──────── Data below

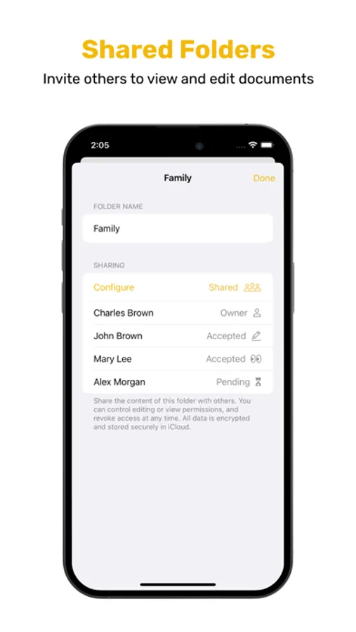 Finale Passport never collects your data, nor has access to your information. Everything is encrypted and is stored safely on your device. If you enable iCloud syncing, your data is additionally uploaded to your personal iCloud container in the same way as standard iOS apps like Photos, Notes, Reminders, and others, using the same high-grade Apple's encryption.
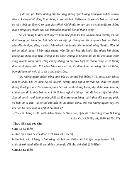 chắn sẽ trở thành tiền đề cho thành công lâu dài như thế nào? (0,5 điểm) Câu 2. (4,0 điểm)
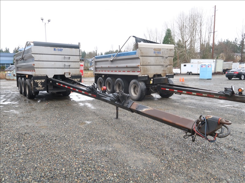 QUAD/A, 18' STEEL BOX PUP TRAILER, EXTENDABLE REACH, SPRING SUSPENSION, FRONT DROP AXLE, TARP SYSTEM, 425/65R22.5

────────────────

| The task |
Write the lines above out again exactly, without any of their pictures.

| Your response |
 Finale Passport never collects your data, nor has access to your information. Everything is encrypted and is stored safely on your device. If you enable iCloud syncing, your data is additionally uploaded to your personal iCloud container in the same way as standard iOS apps like Photos, Notes, Reminders, and others, using the same high-grade Apple's encryption.
 chắn sẽ trở thành tiền đề cho thành công lâu dài như thế nào? (0,5 điểm) Câu 2. (4,0 điểm)
 QUAD/A, 18' STEEL BOX PUP TRAILER, EXTENDABLE REACH, SPRING SUSPENSION, FRONT DROP AXLE, TARP SYSTEM, 425/65R22.5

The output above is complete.